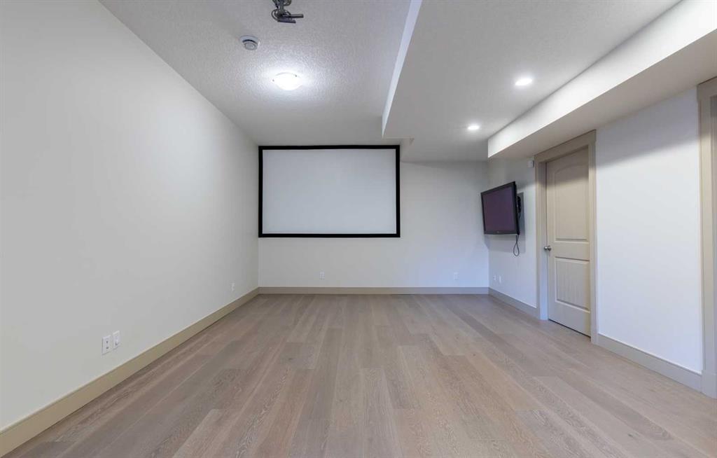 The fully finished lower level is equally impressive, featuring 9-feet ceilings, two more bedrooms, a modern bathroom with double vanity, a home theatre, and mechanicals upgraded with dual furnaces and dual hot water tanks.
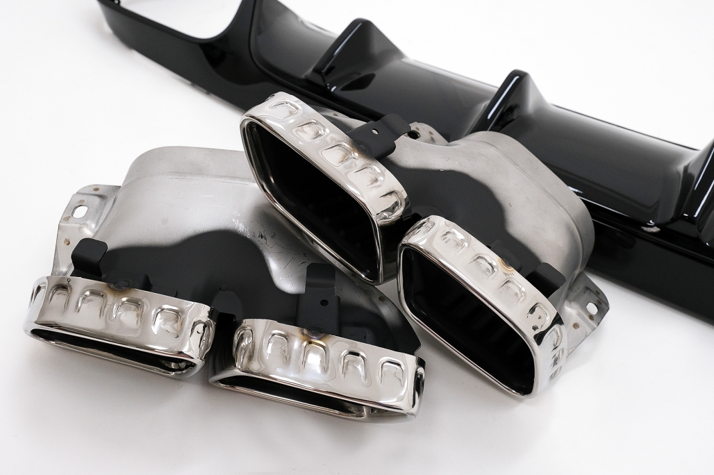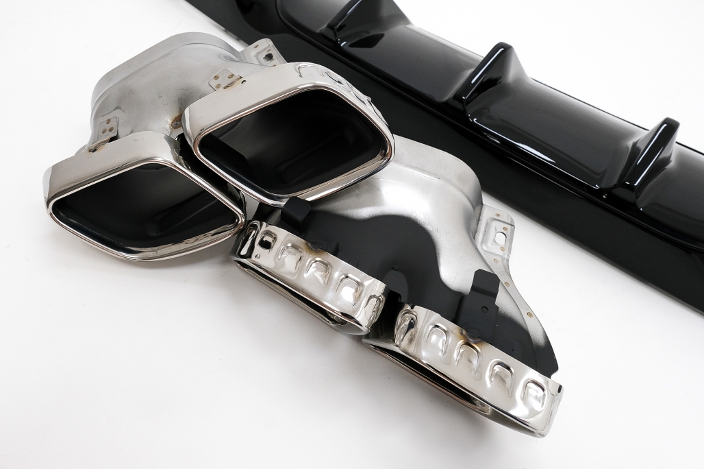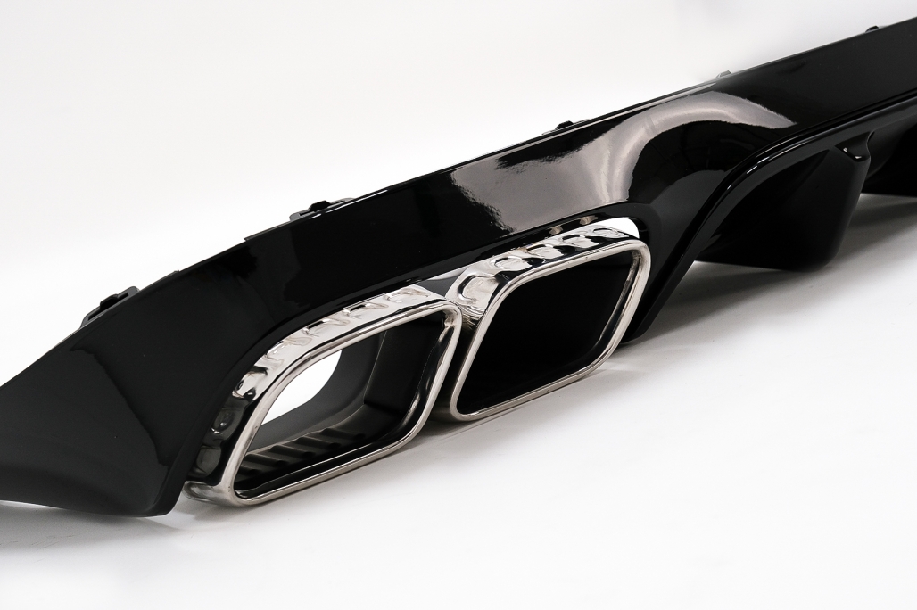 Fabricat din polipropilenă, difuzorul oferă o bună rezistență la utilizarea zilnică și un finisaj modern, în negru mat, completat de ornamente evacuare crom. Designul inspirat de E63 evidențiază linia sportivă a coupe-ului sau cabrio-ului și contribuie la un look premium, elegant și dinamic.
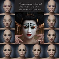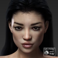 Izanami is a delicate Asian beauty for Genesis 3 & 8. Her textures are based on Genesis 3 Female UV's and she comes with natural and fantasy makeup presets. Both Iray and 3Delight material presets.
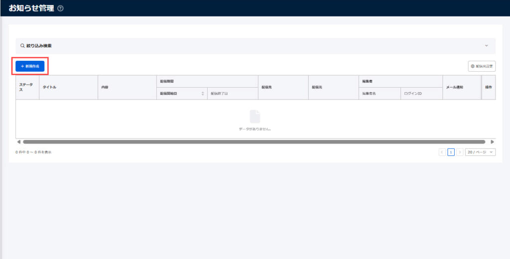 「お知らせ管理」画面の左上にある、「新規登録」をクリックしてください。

→ WHAT YOU HAVE TO DO
Output the data exactly as it appears. The pictures do not belong in it.

→ EXPECTED ANSWER
 The fully finished lower level is equally impressive, featuring 9-feet ceilings, two more bedrooms, a modern bathroom with double vanity, a home theatre, and mechanicals upgraded with dual furnaces and dual hot water tanks.
 Fabricat din polipropilenă, difuzorul oferă o bună rezistență la utilizarea zilnică și un finisaj modern, în negru mat, completat de ornamente evacuare crom. Designul inspirat de E63 evidențiază linia sportivă a coupe-ului sau cabrio-ului și contribuie la un look premium, elegant și dinamic.
 Izanami is a delicate Asian beauty for Genesis 3 & 8. Her textures are based on Genesis 3 Female UV's and she comes with natural and fantasy makeup presets. Both Iray and 3Delight material presets.
 「お知らせ管理」画面の左上にある、「新規登録」をクリックしてください。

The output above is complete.